EXCERPTED DATA:
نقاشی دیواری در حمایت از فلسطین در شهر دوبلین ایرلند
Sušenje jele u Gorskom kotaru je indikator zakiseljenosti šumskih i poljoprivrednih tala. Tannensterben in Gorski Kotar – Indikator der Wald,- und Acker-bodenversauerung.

==

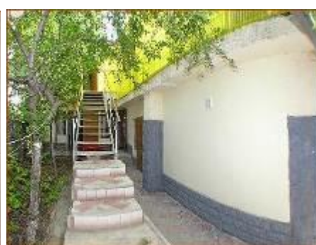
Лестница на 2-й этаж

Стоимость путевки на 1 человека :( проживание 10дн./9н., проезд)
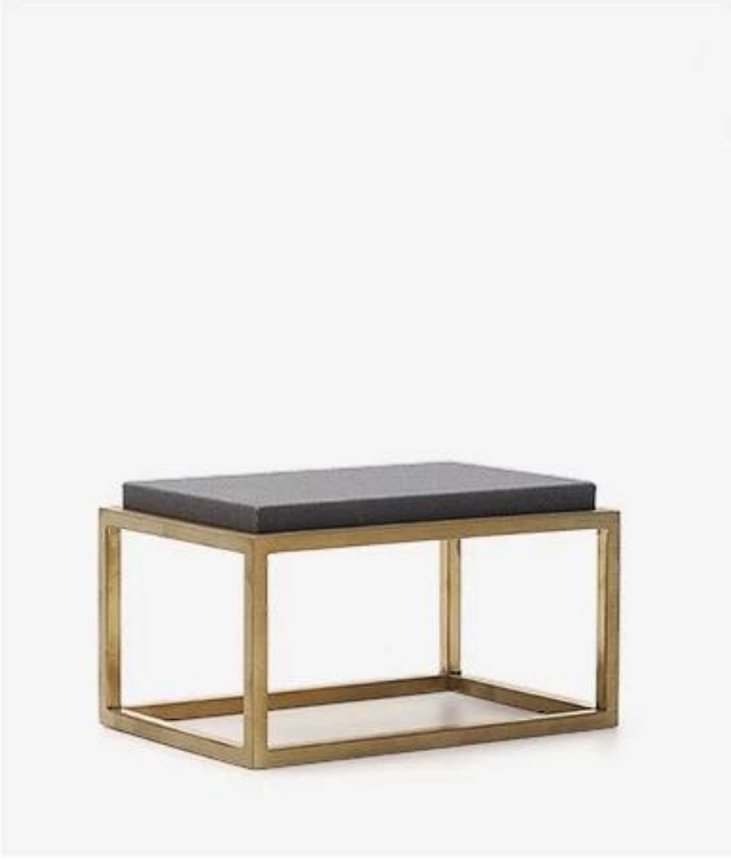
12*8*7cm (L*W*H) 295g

---

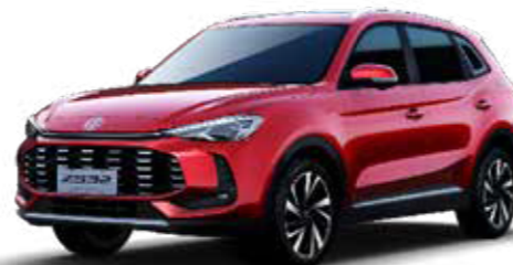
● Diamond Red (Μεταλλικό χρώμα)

YOUR GOAL:
Word for word, retype the lines in the entries above that run from the one with "Лестница на 2-й этаж" through the one with "12*8*7cm (L*W*H) 295g". Both ends count; pictures do not.

SOLUTION:
Лестница на 2-й этаж

Стоимость путевки на 1 человека :( проживание 10дн./9н., проезд)
12*8*7cm (L*W*H) 295g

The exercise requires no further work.